Is Hennessy Making Up Mexican History to Boost Cognac Sales?

Got to the office late Wednesday, and greeting me was a bottle of Hennessy cognac. Curious, I saw a press release attached to the box that contained the bottle and immediately became bewildered--and not just because I started pouring that sweet nectar down my gullet.

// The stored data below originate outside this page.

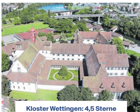
Kloster Wettingen: 4,5 Sterne

Auch das Rathaus wird bewertet. Fünf Sterne gibt es für: «Man hört viel von Beamten, aber ich kann vom Rathaus Wettingen nur Gutes berichten. Hilfsbereite Menschen, freundlich und korrekt.» Die Meinungen gehen durchaus auseinander. Einen Stern gibt es für: «Freundlichkeit tut nicht weh» oder «Muss ich ja wohl nichts schreiben. Oder?» Insgesamt kommt die Behörde aber doch auf 4,4 Sterne.
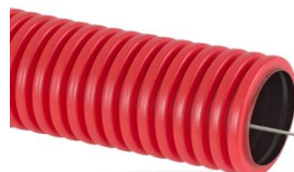
Двуслойные гибкие электротехнические трубы SN6 с протяжкой в бухтах
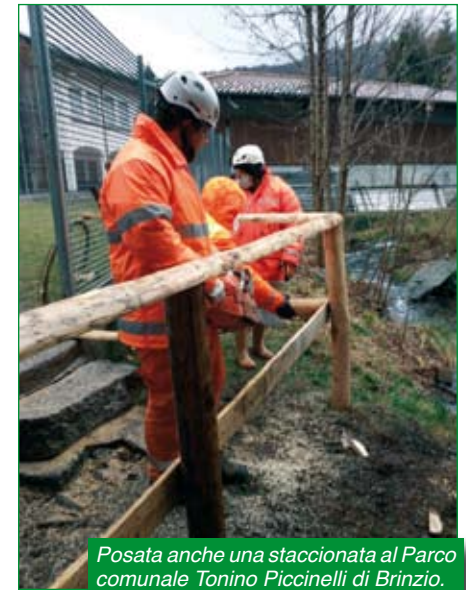
Posata anche una staccionata al Parco comunale Tonino Piccinelli di Brinzio.
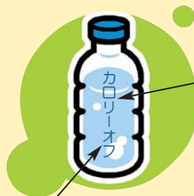
栄養成分表示 (100mlあたり)

品名: 清涼飲料水 原材料名: 糖類(果糖ぶどう糖液糖、砂糖)、塩化 Na、塩化 K、酸味料、酸化防止剤(ビタミン C)、甘味料(スクラロース) 内容量: 500ml 賞味期限: キャップに記載 保存方法: 高温・直射日光を避けてください。 販売者: ○○株式会社 △県◇市○3丁目
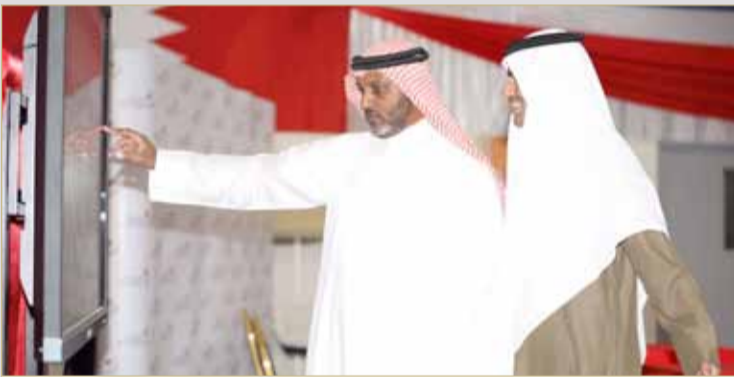
القيسي يراجع وجوده من ضمن المترشحين
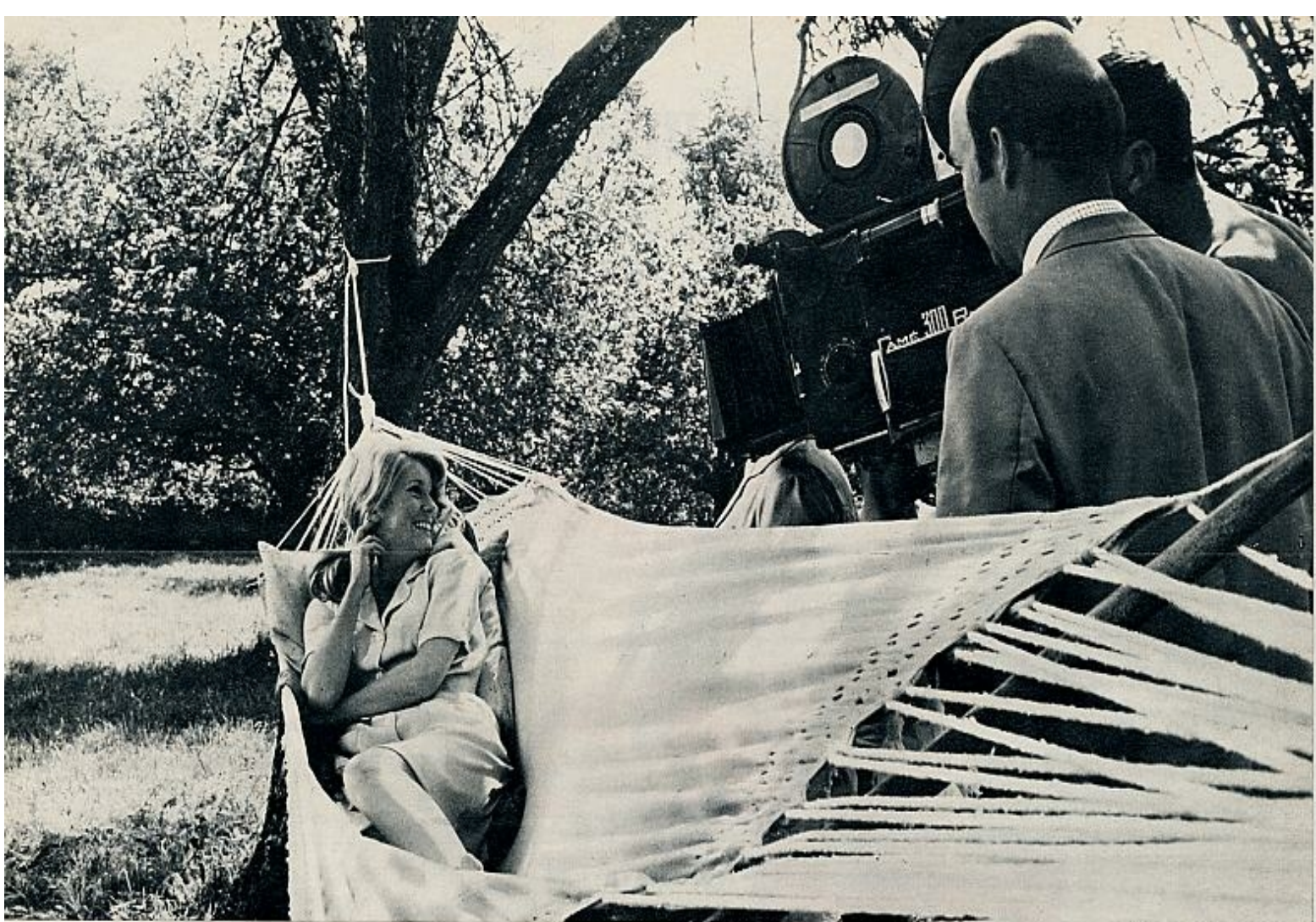
De su unión con Roger Vadim, Catherine Deneuve tuvo un hijo, que ahora cuenta dos años. Consiguió popularidad internacional con su papel en «Los paraguas de Cherburgo», del realizador francés Jacques Demy.

Hennessy is commemorating Mexico's bicentennial by releasing a special bottle to coincide with September's coming celebrations. "It is Hennessy's privilege to be part of Mexico's rich heritage and cultural celebrations," Hennesy's director of Hispanic marketing is quoted as saying in the press release. "Hennessy was the spirit of choice 200 years ago as Mexican soldiers and civilians toasted to their victory in battle. We are proud to recognize this powerful legacy and honor the 200th anniversary with an exclusive, commemorative box set perfect for gifting."

¿QUE QUE?


I've heard most legends and history regarding the course of Mexican history, from the allegation that Dubya's granddaddy stole the head of Pancho Villa to the hidden treasure of the last Aztec emperor Cuauhtemoc, but Hennessy's claim is the first time I've ever heard of it. It's not even listed in Hennessy's flashy video on its website marking its history. It makes no sense: commoners in 19th-century Mexico would've preferred pulque, mezcal, or other drinks that the ancients brewed--or perhaps tequila. And the upper classes--while loving their brandy--probably wouldn't have chosen a Mexican brand.

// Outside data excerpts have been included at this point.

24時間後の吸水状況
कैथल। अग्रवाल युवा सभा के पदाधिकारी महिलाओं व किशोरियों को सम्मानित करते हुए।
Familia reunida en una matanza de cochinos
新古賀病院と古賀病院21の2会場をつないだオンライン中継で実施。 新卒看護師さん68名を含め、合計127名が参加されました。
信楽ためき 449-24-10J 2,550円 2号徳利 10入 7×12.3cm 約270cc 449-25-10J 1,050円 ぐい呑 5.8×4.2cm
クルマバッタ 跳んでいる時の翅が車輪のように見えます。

The box containing the Hennessy bottle featured a sketch of people toasting with the recollections of someone stating that Mexicans celebrated independence from Spain with Hennessy. The problem with the recollection is that it dates back to 1938, and is attributed to not to a historian or politician, but a Vidaurreta. I asked Jennifer Reza, who's doing publicity for Hennessy's commemorative bottle, about her source for the company's claim. "The full name is Valentin Vidaurreta, a Mexican artisan (illustrator and designer)," Reza replied via email. "His sketch was discovered by someone at the House of Hennessy on a trip to Mexico, many years ago (we don't know when). Additionally,  a reproduction of the sketch hangs at Chateau Bagnolet in Cognac, France, the official House of Hennessy."

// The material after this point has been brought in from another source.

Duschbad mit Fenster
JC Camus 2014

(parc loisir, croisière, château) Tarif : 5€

Hmmm...a sketch and a recollection "discovered" by a Hennessy employee "many years ago"? Sounds like the telling of Anaheim's founding goat to me.

Mexico has a habit of aggrandizing the slightest patriotic story (los niños heroes, la adelita, Siete Leguas, etc.), and this is one story I didn't grow up on or is repeated ad nauseum. Hennessy is good stuff, but their historical claims tying them to la independencia go down about as smooth as a bottle of Sauza. Primary, contemporary documentation, por favor!